Each woman is unique in how she responds and in each stage, she might respond differently.  Ask her about it. Is it worse to be surrounded by baby stuff after a miscarriage or not being invited to a party with your friends? Only the woman can answer that question, so ask. Give her some options and an out if she needs it.

5) Allow for the emotional craziness.

First trimester hormones make anyone else a bit weepy and erratic? Try those hormones + coming off those hormones + grief and you have a recipe for some nuttiness. Don’t take it personally. Lots of grace. Lots of space.

6) Ask about these little angels even years later.

I’ve talked to women who are 85+ about miscarriages in their 20’s. You know what? These mamas never forget those babies. Give these ladies an opportunity to share. It is good medicine and healing. Ask about names, dates, and if it was full term, what the baby looked like, how the baby is remembered from year to year. Let the mom tell her story. There is a really amazing organisation in the States of professional photographers who come and capture the few precious moments with moms and dads with their little ones who aren’t expected to live long. What a gift.

7) Know the pain lasts even years later.

Recognise that having a baby following a miscarriage might lessen, but doesn’t get rid of the grief for a lost baby. In some ways, moms have told me it is worse because they actually know what they are missing out on.

What can couples experiencing infertility do?

1) Let us know what is helpful.

Don’t leave us guessing. If you need space, say so. If you need a girls’ night out, let me plan one. If being around kiddos is healing, come to the zoo with us. Remind us as moms what a blessing it is to be one. Somedays we forget what a miracle life is and take it totally for granted.

2) Keep us informed.

Share the details as and when you are able; allow us to pray. Don’t carry the weight of miscarriage/infertility on your own.

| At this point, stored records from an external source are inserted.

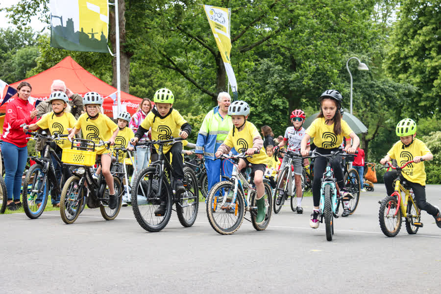 Jonge bewoners op de fiets tijdens een Dikke Banden Race Corrado Francke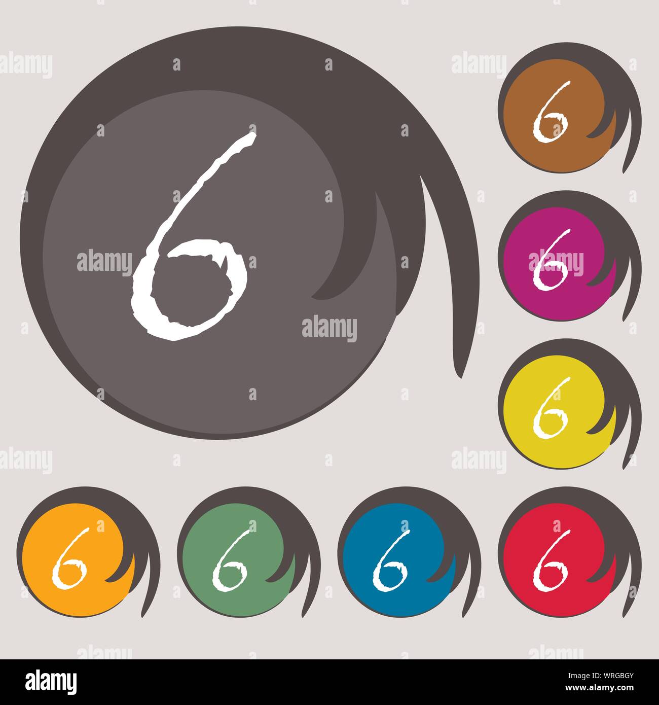 number six icon sign Symbols on eight colored buttons Vector Stock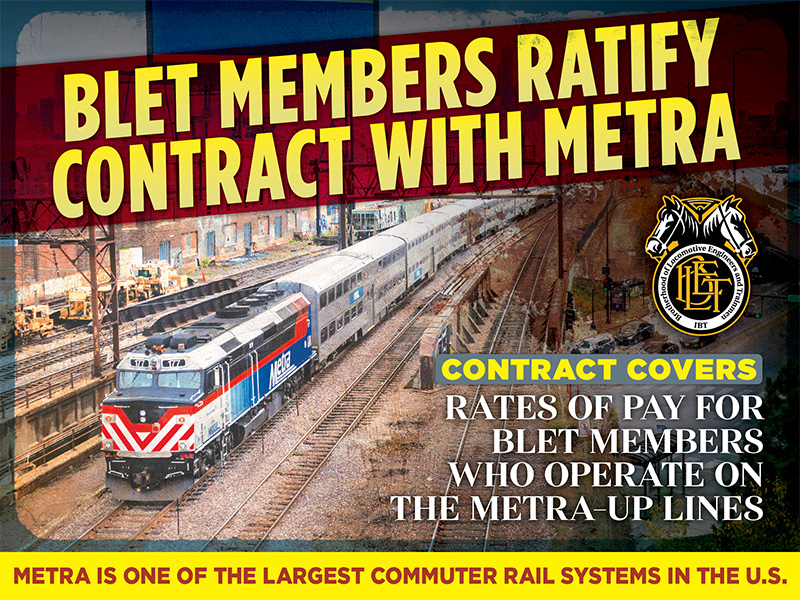 BLET members today ratified a new contract with Metra that provides a 3.5 percent general wage increase. Members voted 60-1 in favor of ratification.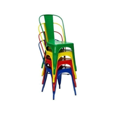 Canlı renk metal sandalye, enerjik ve modern tasarım.
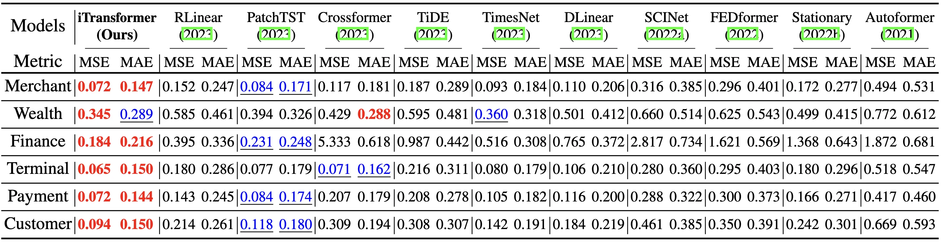 The iTransformer was evaluated on challenging multivariate forecasting benchmarks (generally hundreds of variates). The main result can be found in the table and further benchmarks under the GitHub repository of the original implementation. Comprehensive good performance (MSE/MAE ) is achieved.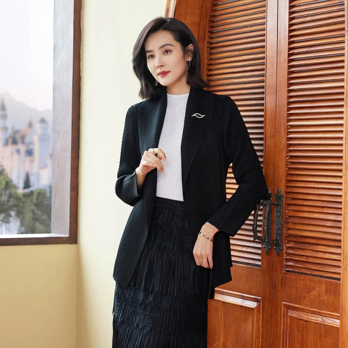 衣都精品- 2023新款時尚氣質百搭開衫顯瘦褶皺外套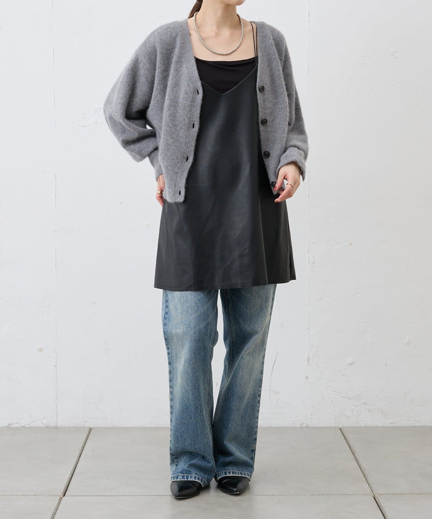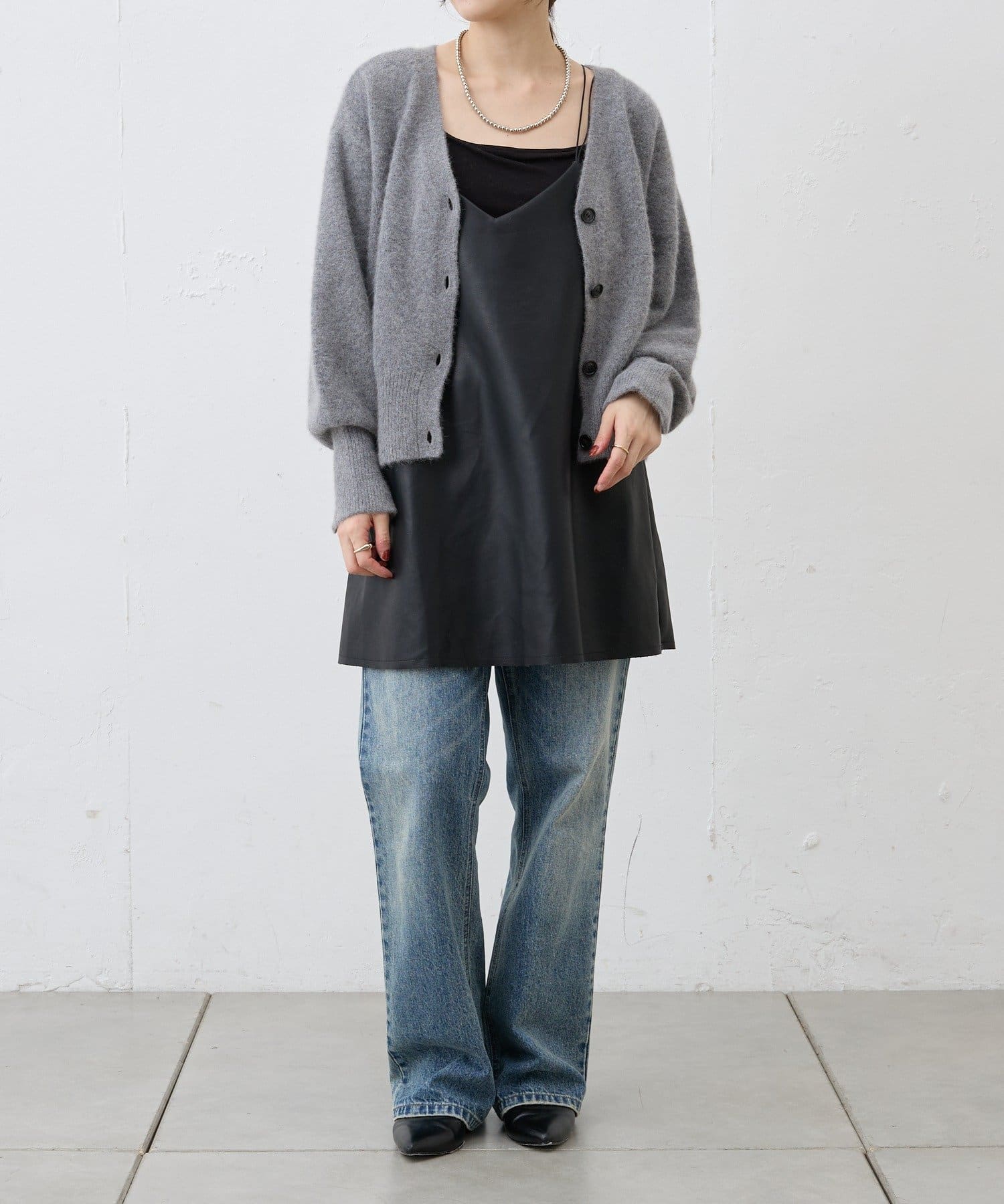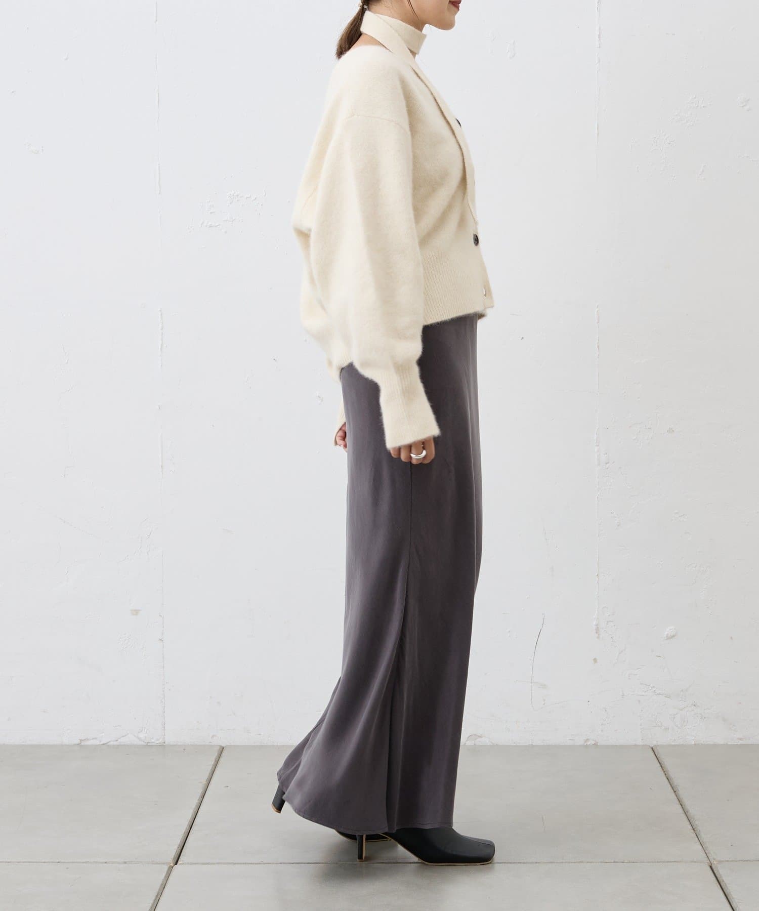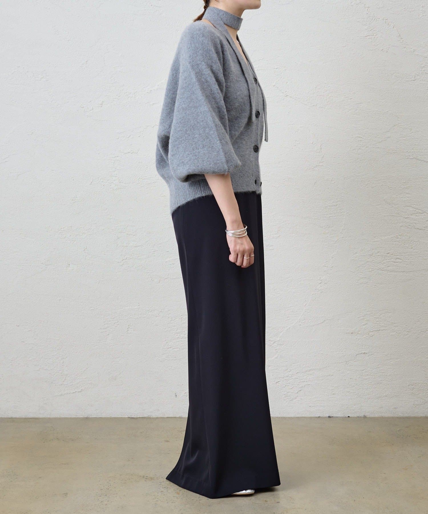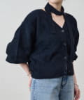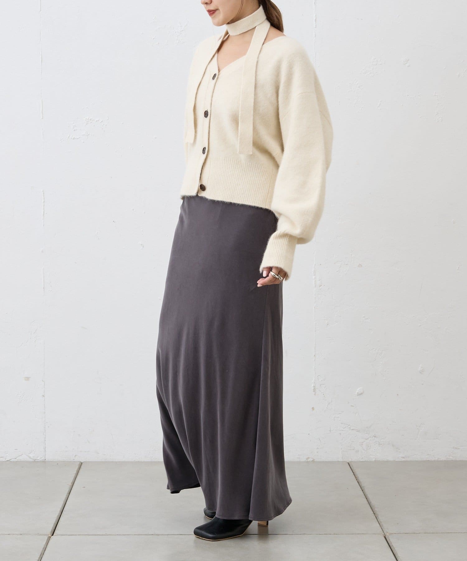毎年人気のカーディガンは今年はトレンド感を出すためにタイ付きにしています。

I cannot believe how many friends have said they have had struggles getting and staying pregnant only to find out several other friends have too. It is so much more common than one would think. You aren’t alone in this.

3) Let us cry with you . . .

and let us celebrate with you when you do conceive or go through an adoption process.

4) Cry and celebrate with us.

Don’t hold it against moms who have babies. Someday, we hope you will too. We each have our own unique struggles, ones we would never wish on each other. Let’s build each other up; we can walk this road together.